▶ Dataset records
====

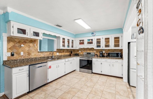 Fully equipped kitchen with updated appliances, generous counter space, and all the essentials to whip up your favorite meals or beach day snacks
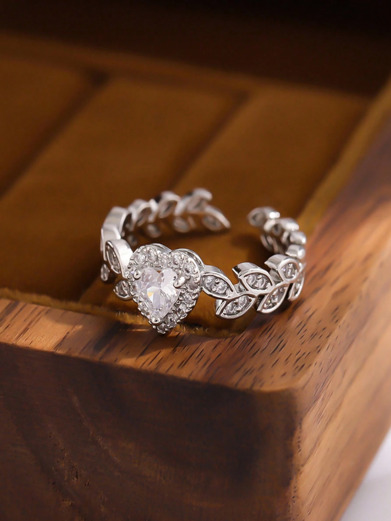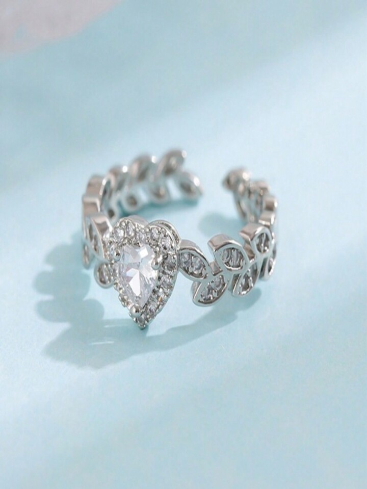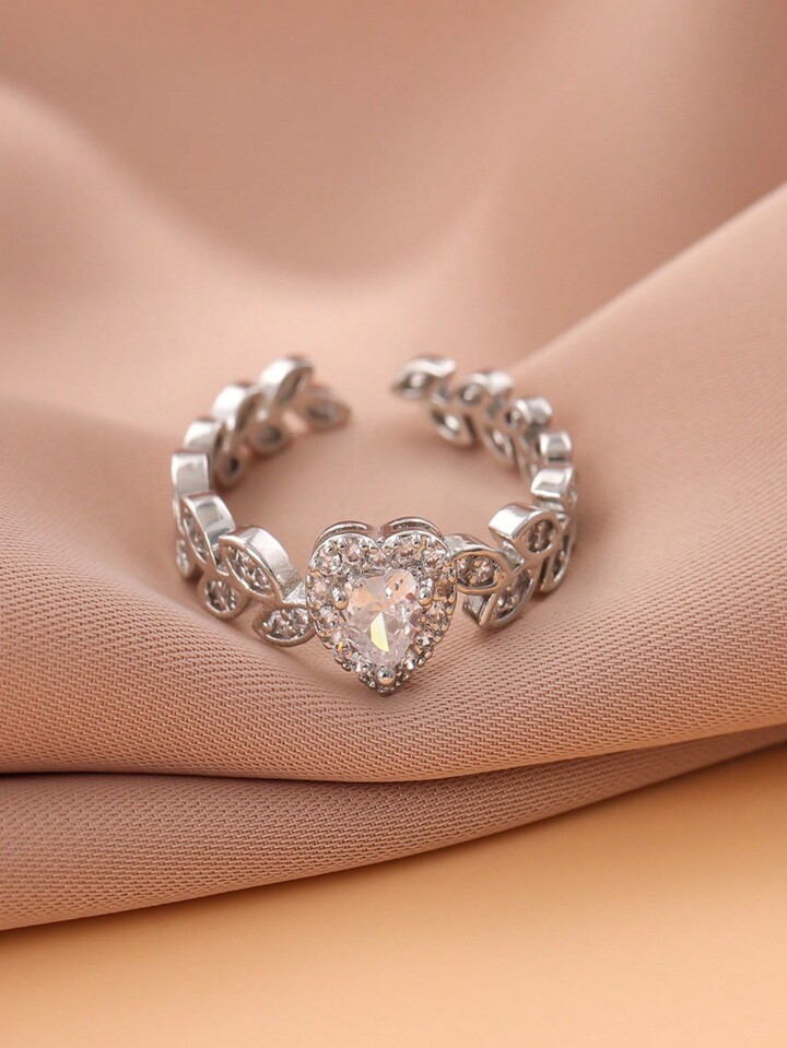 Kawaii 1 pezzo Anello alla moda con strass & cuore & design foglia personalizzato aprire
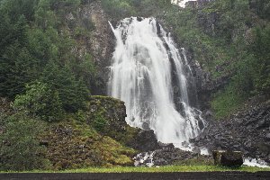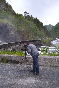 Anschließend fuhren wir weiter nach Jøsendal und zweigten dort auf die RV13 nach Odda ab. Die Fahrt ging entlang eines recht großen Baches und in der Ferne konnte man ab und zu schon erste Ausläufer des Folgefonn-Gletschers sehen. Wir blätterten bereits im Campingführer, um einen Platz für die Nacht herauszusuchen, als plötzlich ein Schild am Straßenrand den Latefoss ankündigte. Dieser gilt als einer der schönsten Wasserfälle Norwegens und wir hatten gar nicht mehr daran gedacht, dass er auf unserer heutigen Route lag. Kurz darauf tauchte linker Hand ein großer Wasserfall auf, dessen Gischt bis über die Straße zu unserem Wohnmobil wehte. Andreas packte die Foto- und Video-Ausrüstung aus und nutzte das dämmrige Licht für einige Langzeitbelichtungen mit dem Stativ. Da die Kinder zu quengeln begannen, fuhren wir rasch weiter, bis auf einmal der zweiarmige Latefoss rechts der Straße auftauchte. Da half kein Meckern und Lamentieren, wir machten nochmals einen kurzen Foto- und Videostopp.
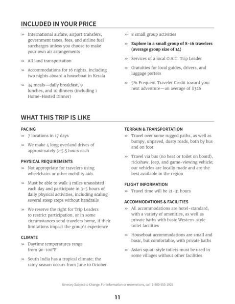 Itinerary Subject to Change. For Information or reservations, call 1-800-955-1925
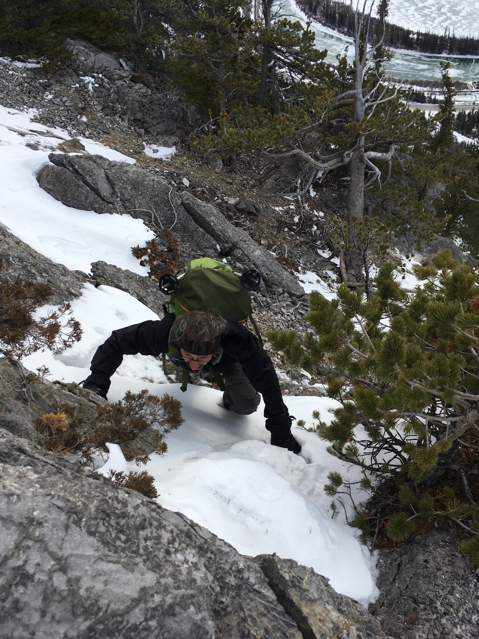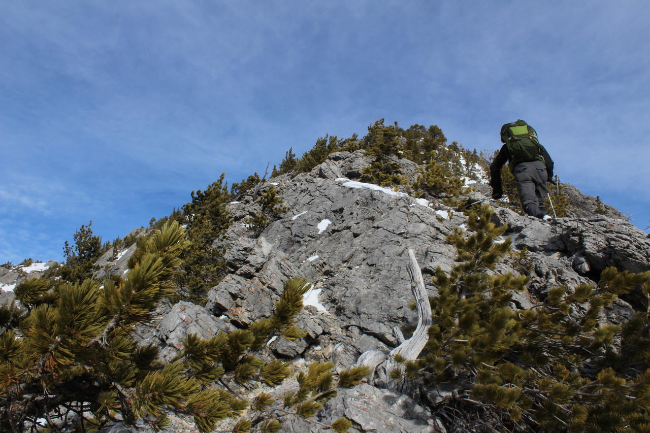 Although just a short moderate step on a good day, the wind that so kindly cleared the snow for us, also had it's mind set on clearing us from the mountain! With the gusting winds throwing us off balance (even while on the safety of two feet), my dad opted to take an easier route, ascending a scree ledge on climber's left of the ridge crest.
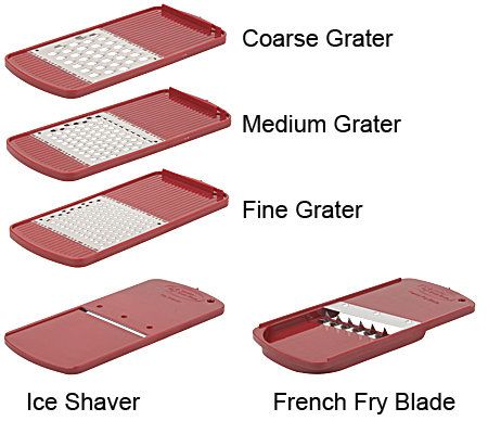 Choose from nine blades for every task. Shave ice for frosty drinks, produce julienne slices for salads and sides, grate cheese and veggies for toppings--even make French fries with the new customer-requested French-fry blade.
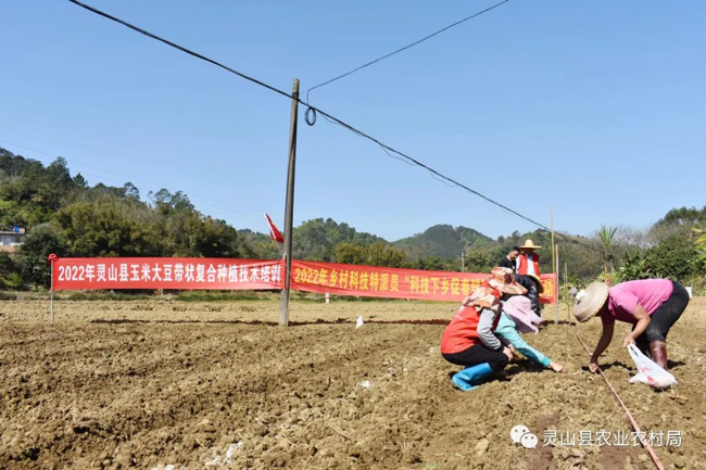 今年灵山县计划推广大豆玉米带状复合种植技术面积1000亩,在全县建立10个示范点,示范面积200亩,以点带面,带动周边农民群众积极种植,助力农民增产增收,促进全县农业农村高质量发展。

====

▶ Work task
The reply needs to repeat exactly the line containing "Choose from nine" and each line after it, through the final line of the entries above, and to skip the pictures.

▶ Task answer
 Choose from nine blades for every task. Shave ice for frosty drinks, produce julienne slices for salads and sides, grate cheese and veggies for toppings--even make French fries with the new customer-requested French-fry blade.
 今年灵山县计划推广大豆玉米带状复合种植技术面积1000亩,在全县建立10个示范点,示范面积200亩,以点带面,带动周边农民群众积极种植,助力农民增产增收,促进全县农业农村高质量发展。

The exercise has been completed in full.